Go to the line with "Snails, frogs, snakes" in the material below and copy from there through the line with "Quạt treo tường", exactly. Pictures are not copied.

Records supplied:
/---

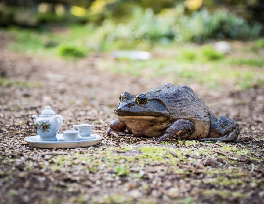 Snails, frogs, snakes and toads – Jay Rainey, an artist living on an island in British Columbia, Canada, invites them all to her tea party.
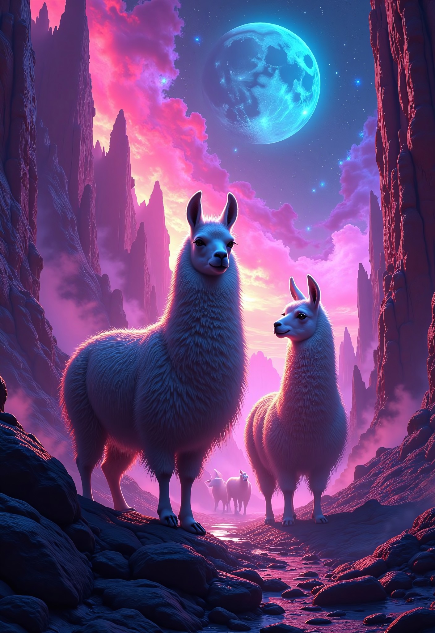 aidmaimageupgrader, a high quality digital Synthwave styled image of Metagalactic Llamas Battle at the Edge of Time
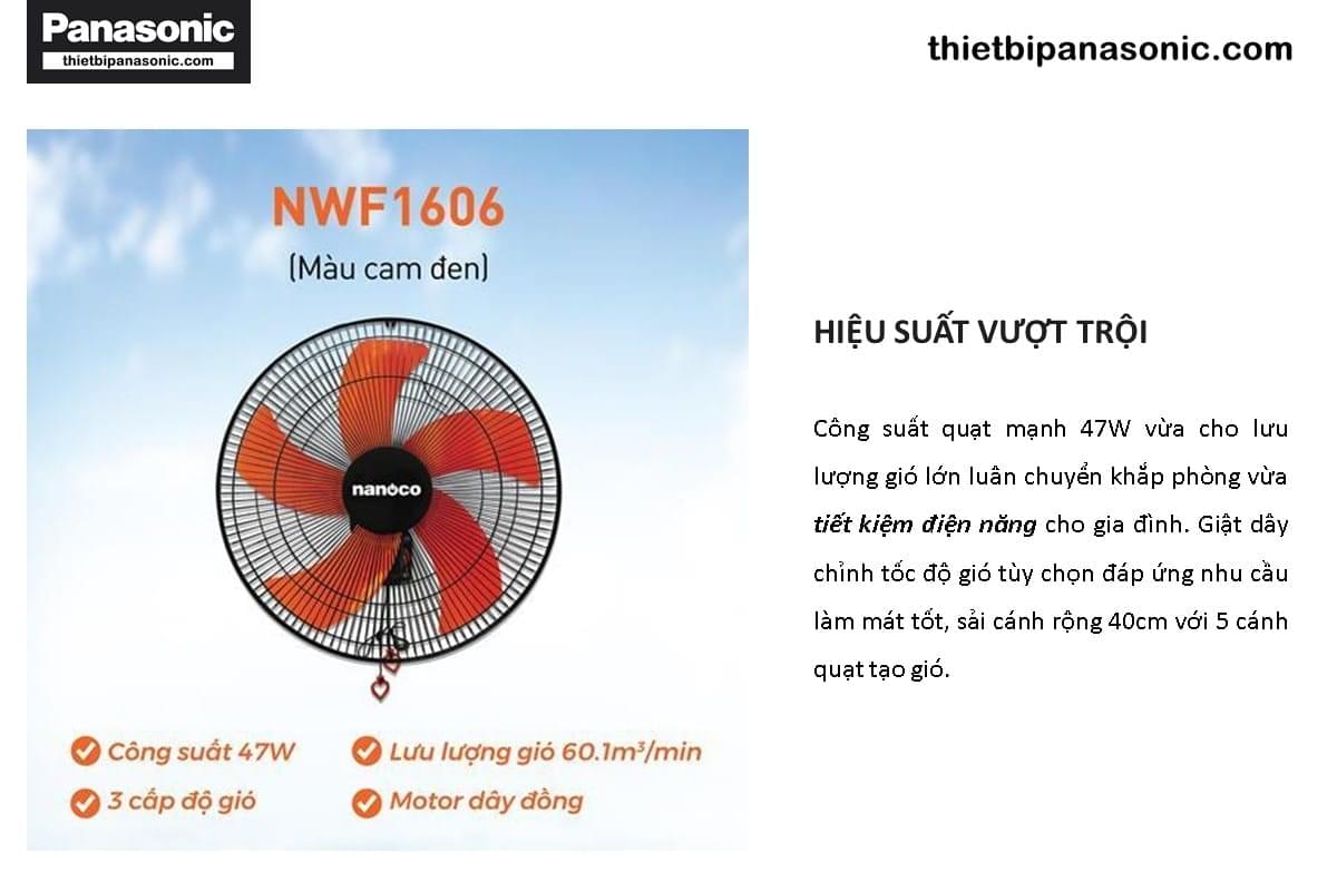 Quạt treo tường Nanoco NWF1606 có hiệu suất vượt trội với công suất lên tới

\---
/---

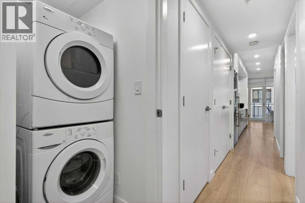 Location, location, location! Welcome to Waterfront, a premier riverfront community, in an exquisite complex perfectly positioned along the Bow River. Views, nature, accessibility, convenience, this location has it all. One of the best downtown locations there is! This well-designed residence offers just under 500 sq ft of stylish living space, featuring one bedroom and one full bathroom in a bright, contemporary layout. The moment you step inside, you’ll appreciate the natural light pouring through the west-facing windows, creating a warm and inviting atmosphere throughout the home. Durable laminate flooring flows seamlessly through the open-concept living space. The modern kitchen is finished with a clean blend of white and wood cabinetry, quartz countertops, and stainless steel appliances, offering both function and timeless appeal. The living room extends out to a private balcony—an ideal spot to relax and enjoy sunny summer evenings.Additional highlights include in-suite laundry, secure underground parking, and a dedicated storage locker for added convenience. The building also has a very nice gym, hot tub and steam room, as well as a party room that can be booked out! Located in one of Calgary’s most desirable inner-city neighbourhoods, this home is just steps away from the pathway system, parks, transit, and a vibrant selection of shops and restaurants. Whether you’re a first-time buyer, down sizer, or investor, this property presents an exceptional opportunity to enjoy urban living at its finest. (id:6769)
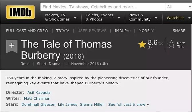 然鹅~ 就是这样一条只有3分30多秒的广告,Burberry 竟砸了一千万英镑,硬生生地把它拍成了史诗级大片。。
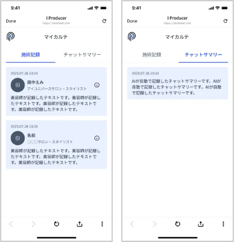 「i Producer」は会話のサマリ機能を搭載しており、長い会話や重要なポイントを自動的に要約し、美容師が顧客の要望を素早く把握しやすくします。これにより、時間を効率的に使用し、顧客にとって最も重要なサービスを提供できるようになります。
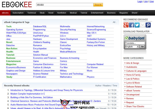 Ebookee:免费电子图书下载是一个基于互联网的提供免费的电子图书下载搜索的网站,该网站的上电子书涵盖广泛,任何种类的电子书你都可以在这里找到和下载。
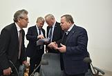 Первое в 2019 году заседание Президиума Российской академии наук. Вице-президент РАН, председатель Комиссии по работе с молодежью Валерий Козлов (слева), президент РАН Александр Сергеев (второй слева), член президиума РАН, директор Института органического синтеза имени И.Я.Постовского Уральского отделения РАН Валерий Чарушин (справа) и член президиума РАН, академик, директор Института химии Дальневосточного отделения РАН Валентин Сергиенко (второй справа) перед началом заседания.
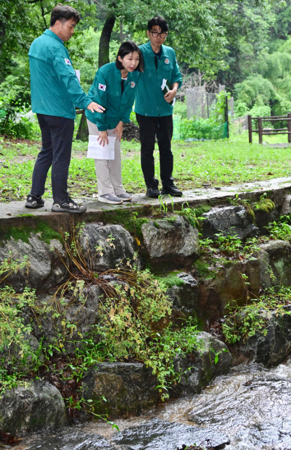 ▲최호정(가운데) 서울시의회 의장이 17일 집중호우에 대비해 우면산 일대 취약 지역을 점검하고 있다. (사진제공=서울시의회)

\---
/---

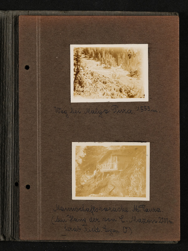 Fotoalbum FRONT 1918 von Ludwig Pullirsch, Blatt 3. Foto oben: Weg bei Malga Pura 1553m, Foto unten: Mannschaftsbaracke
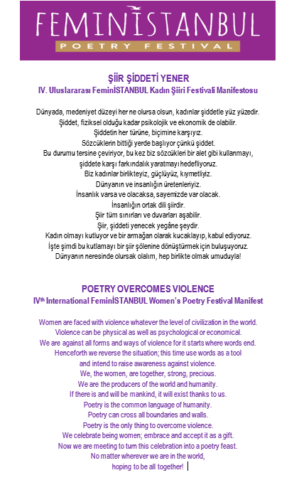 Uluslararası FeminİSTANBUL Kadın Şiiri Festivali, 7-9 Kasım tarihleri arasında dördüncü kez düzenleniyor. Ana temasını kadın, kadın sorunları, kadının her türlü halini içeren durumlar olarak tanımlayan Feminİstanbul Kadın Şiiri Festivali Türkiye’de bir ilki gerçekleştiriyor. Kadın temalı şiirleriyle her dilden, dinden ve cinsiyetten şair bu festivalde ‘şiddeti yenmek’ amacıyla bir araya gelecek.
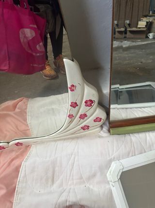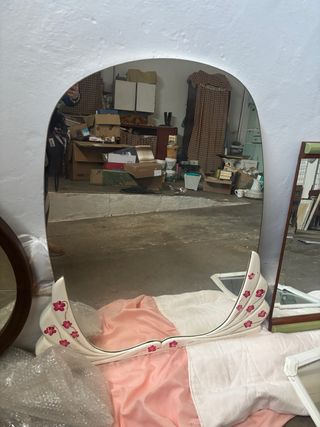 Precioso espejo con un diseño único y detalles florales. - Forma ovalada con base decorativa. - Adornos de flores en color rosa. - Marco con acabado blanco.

\---

Written solution:
 Snails, frogs, snakes and toads – Jay Rainey, an artist living on an island in British Columbia, Canada, invites them all to her tea party.
 aidmaimageupgrader, a high quality digital Synthwave styled image of Metagalactic Llamas Battle at the Edge of Time
 Quạt treo tường Nanoco NWF1606 có hiệu suất vượt trội với công suất lên tới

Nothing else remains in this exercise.